What changes when an AI system can keep building software for eight hours from one prompt?
This is the practical question I have been exploring with M2. I do not mean “can an AI write code?” That question is already too small. A model can write a useful function, a test, a refactor, or a small feature. It can also fail in all the familiar ways: it can lose context, forget why a decision was made, stop after opening a pull request, wait for CI as if waiting were progress, or leave behind a summary that sounds plausible but cannot actually resume the work.
The more interesting question is whether AI-assisted software engineering can become durable. In other words, can an AI system keep track of a complex product goal, split the work into lanes, dispatch workers, review results, collect evidence, update pull requests, and then resume later from a real state record rather than from vibes?
For me, this is where M2 has started to feel like a game changer.
M2 means “manager of managers.” It does not mean milestone
- It is a protocol I have been using in my
csmonorepo to turn one prompt into a long-running control plane for software work. The best current example is3d.mycool.games, a complex browser-based 3D editor studio with Cinema 4D-style interaction goals, an SDL/WASM canvas, viewport controls, object and component editing, material UX, snapping, PBRT export, render proof, and a growing body of validation artifacts.

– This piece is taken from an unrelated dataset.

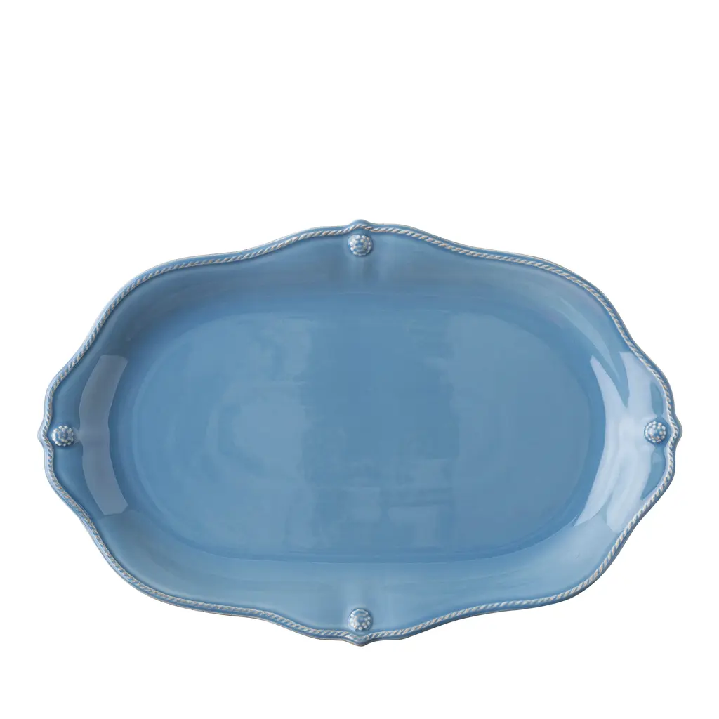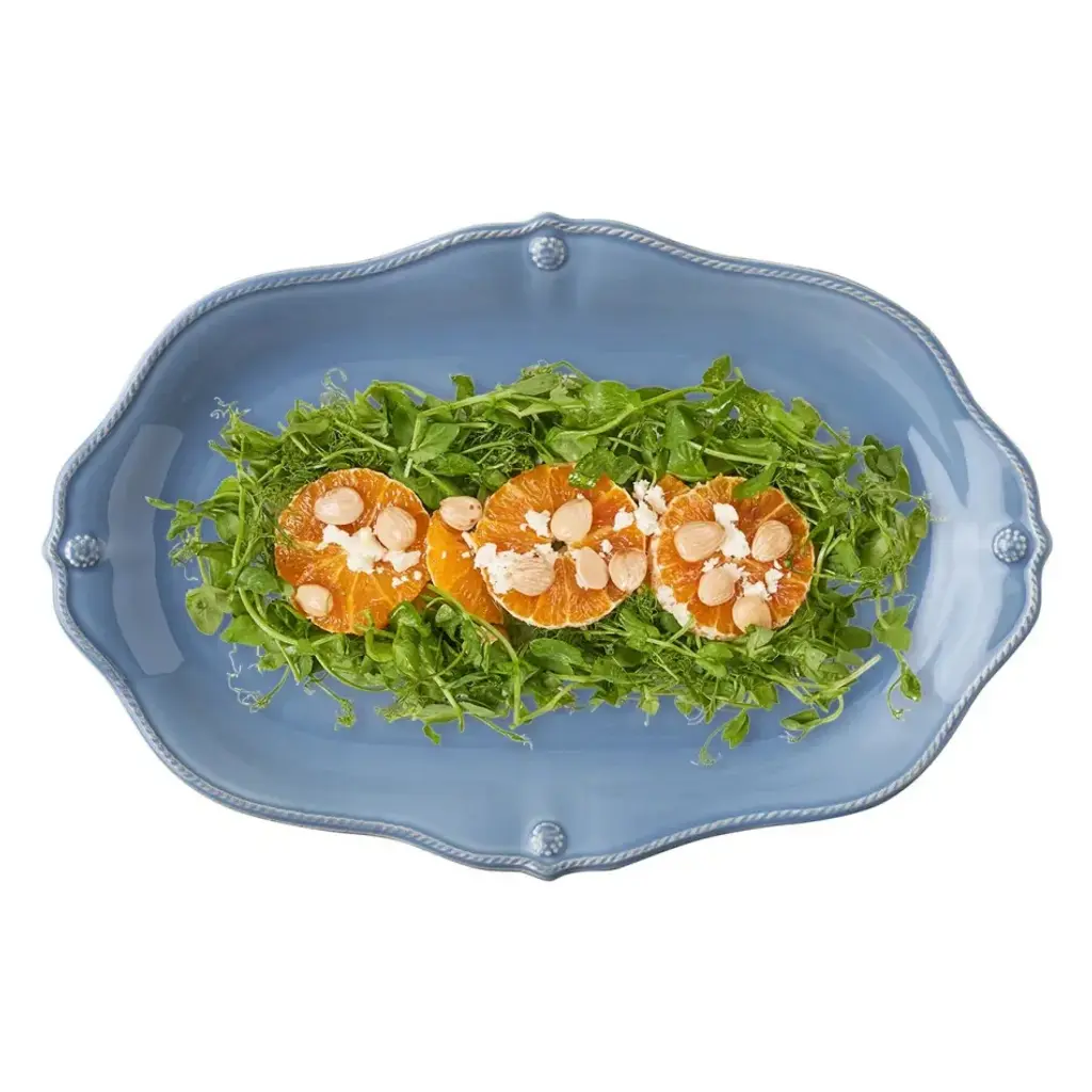 From our Berry & Thread Collection - Rimmed with a simple thread and adorned with a sprinkling of berries, this iconic dinnerware collection embraces historic motifs in a sublime blue hue. This 16 in. platter, with a subtly scalloped edge is perfect for serving a few or a feast, and goes seamlessly from oven to table. Based in Connecticut, Juliska is committed to bringing elegant European design into our modern homes. Since its founding in 2001, when David and Capucine Gooding began by working with artisans outside of Prague to reproduce antique Bohemian glass pieces, every piece from Juliska has shared a rich heritage spanning six centuries of European design. Juliska's creations are timeless, romantic and effortlessly chic.
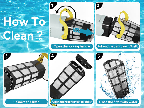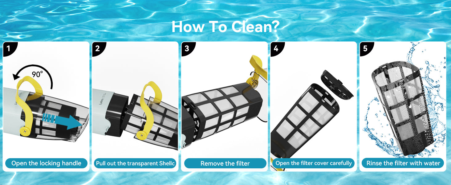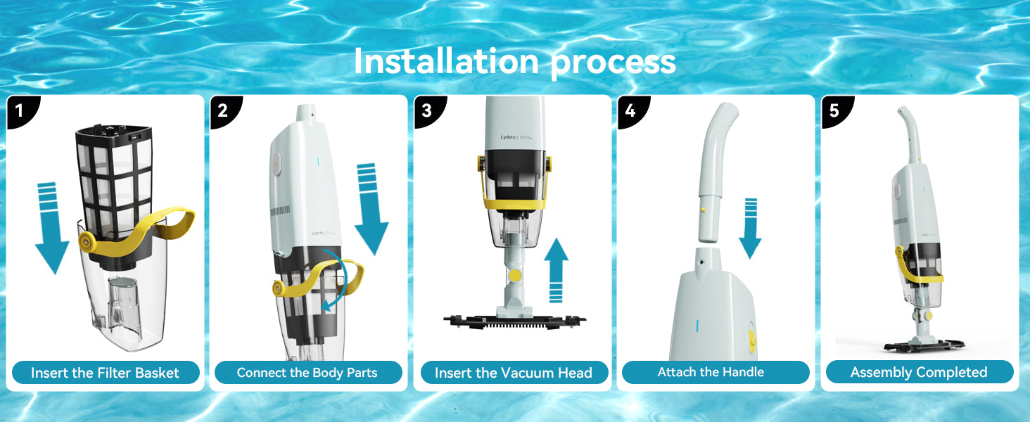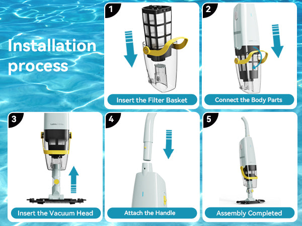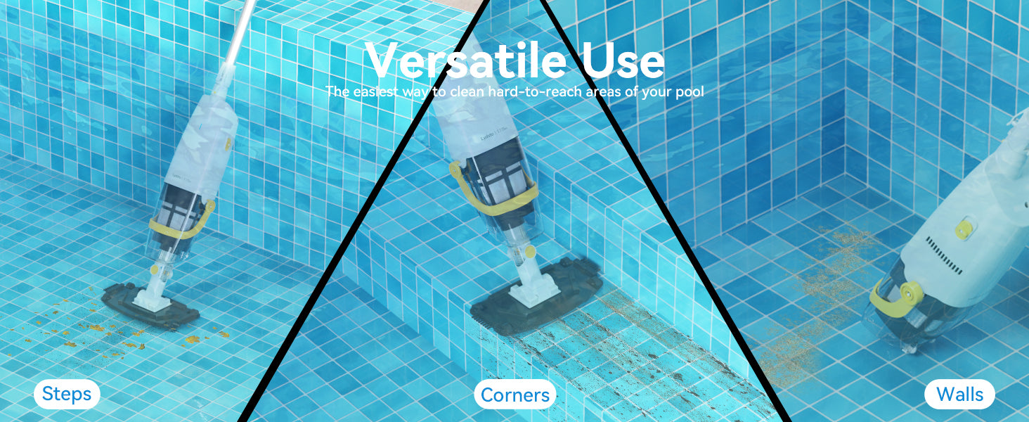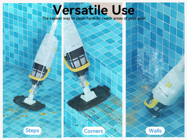 Push the switch operation. Simply attach the unit to the included pool pole, turn the unit on and you are ready to vacuum as you do on the floor.

This post is a WIP account of that system. Some of the work is still rough. The public explanation is behind the private implementation. The protocol has some sharp edges. However, the core idea has become concrete enough that I want to write it down: AI-assisted SWE changes character when the unit of interaction is not a single completion, but a durable engineering run.
Background
Most AI coding workflows still feel like a conversation with a very fast individual contributor. That is useful. I use that mode constantly. It helps with local reasoning, boilerplate, tests, migrations, and understanding unfamiliar code.
However, a serious software project is not only a sequence of code edits. It is also product judgment, review, validation, handoff, integration, rollback, and remembering which constraints matter. The work is social even when only one human is involved, because the project needs different roles at different times.
For example, a 3D editor needs a product view of what the user is trying to do. It needs runtime data structures for scene objects, components, command history, and serialization. It needs UI judgment about how a viewport should feel. It needs renderer and picking logic. It needs tests and browser proof. It needs delivery discipline so the branch does not become an enormous, unreviewable pile.
When I tried to push that kind of project through ordinary single-agent prompting, the weak point was not that the model could not write code. The weak point was continuity. What happened two hours ago? Which gate was actually red? Which branch was the active one? Did the screenshot prove the exact commit, or just some previous local state? Did the PR represent the end of the work, or just a checkpoint?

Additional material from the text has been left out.